• What to produce:
What is needed is an exact copy of the lines in the entries below from the one holding "Leider war die" through the one holding "エア・ドゥ(ADO/HD)は", pictures excluded.

• Dataset excerpts:
_ _ _ _
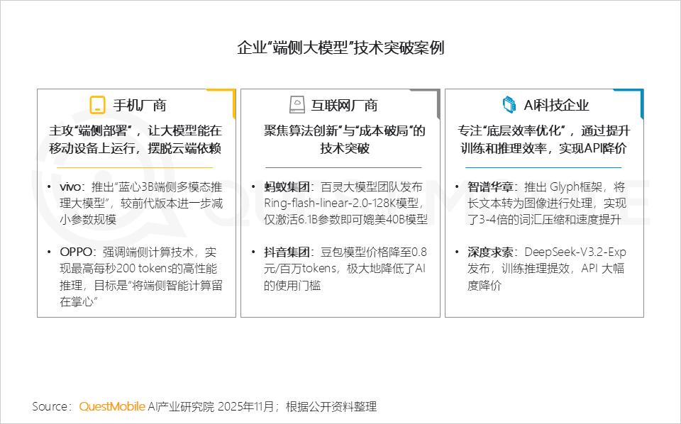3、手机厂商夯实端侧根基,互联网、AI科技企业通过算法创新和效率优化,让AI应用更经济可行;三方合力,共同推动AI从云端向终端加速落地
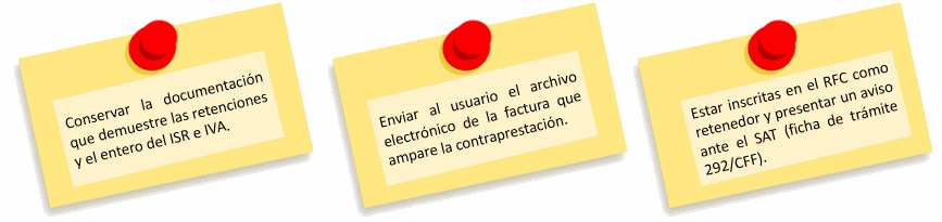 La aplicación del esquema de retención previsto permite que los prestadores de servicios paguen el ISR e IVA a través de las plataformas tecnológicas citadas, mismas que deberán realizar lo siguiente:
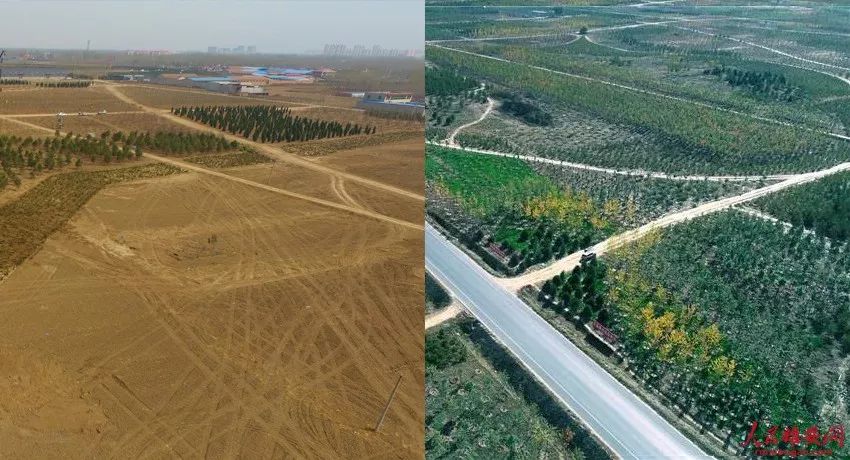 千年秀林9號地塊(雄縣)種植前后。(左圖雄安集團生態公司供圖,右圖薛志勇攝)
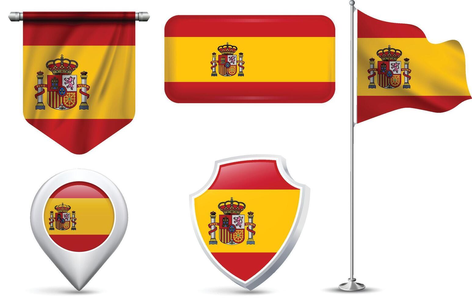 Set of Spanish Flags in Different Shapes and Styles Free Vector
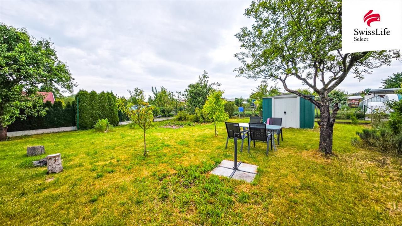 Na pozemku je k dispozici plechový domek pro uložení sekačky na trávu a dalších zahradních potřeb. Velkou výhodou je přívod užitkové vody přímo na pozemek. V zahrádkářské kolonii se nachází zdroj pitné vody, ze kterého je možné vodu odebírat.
_ _ _ _
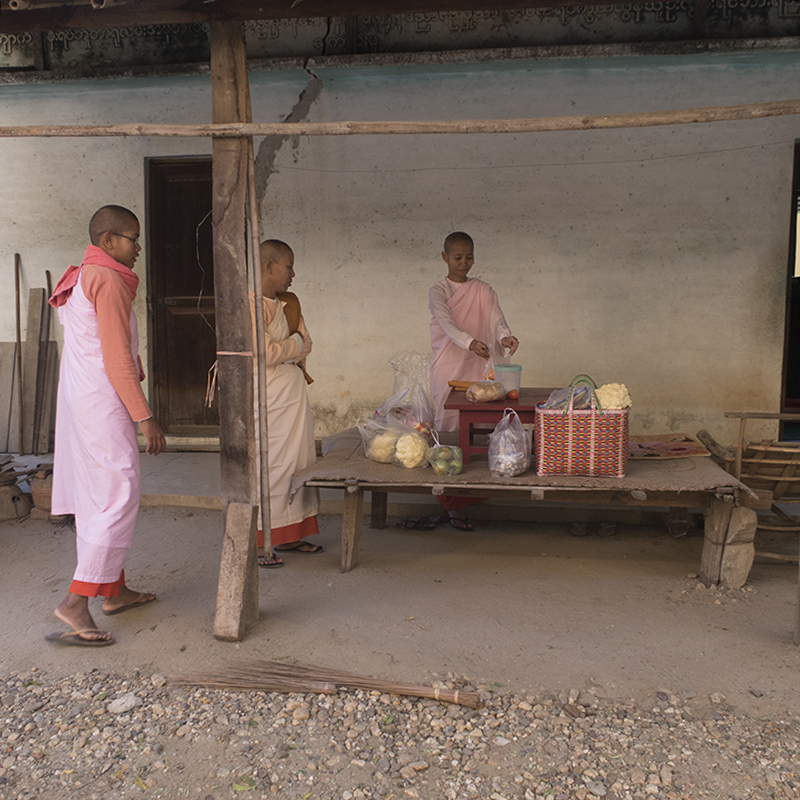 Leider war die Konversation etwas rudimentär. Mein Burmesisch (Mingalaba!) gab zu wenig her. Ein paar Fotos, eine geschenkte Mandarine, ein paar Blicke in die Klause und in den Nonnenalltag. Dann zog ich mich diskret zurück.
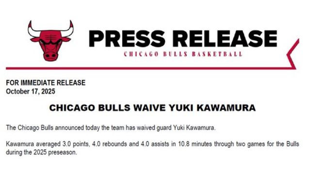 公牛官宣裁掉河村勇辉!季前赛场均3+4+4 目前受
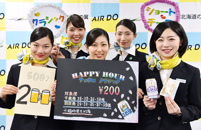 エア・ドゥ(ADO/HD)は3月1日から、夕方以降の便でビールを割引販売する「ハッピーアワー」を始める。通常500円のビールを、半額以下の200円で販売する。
_ _ _ _
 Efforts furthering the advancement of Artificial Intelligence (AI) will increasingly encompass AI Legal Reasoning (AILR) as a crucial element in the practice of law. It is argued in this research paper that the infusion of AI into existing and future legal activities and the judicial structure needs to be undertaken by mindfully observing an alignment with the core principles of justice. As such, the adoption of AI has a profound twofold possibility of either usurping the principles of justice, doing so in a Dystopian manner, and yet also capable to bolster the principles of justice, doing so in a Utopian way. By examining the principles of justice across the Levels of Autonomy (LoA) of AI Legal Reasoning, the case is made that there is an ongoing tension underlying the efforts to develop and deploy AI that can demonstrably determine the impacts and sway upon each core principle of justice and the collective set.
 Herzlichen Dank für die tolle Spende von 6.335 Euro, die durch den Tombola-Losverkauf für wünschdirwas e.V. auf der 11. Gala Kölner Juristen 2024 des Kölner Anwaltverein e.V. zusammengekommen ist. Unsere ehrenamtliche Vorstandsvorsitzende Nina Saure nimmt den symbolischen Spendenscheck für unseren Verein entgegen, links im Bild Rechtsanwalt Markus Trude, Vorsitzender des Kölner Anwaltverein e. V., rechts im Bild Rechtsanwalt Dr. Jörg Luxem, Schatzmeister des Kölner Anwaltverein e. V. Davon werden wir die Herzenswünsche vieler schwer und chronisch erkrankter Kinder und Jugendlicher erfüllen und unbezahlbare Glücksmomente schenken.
_ _ _ _
• Exercise answer:
 Leider war die Konversation etwas rudimentär. Mein Burmesisch (Mingalaba!) gab zu wenig her. Ein paar Fotos, eine geschenkte Mandarine, ein paar Blicke in die Klause und in den Nonnenalltag. Dann zog ich mich diskret zurück.
 公牛官宣裁掉河村勇辉!季前赛场均3+4+4 目前受
 エア・ドゥ(ADO/HD)は3月1日から、夕方以降の便でビールを割引販売する「ハッピーアワー」を始める。通常500円のビールを、半額以下の200円で販売する。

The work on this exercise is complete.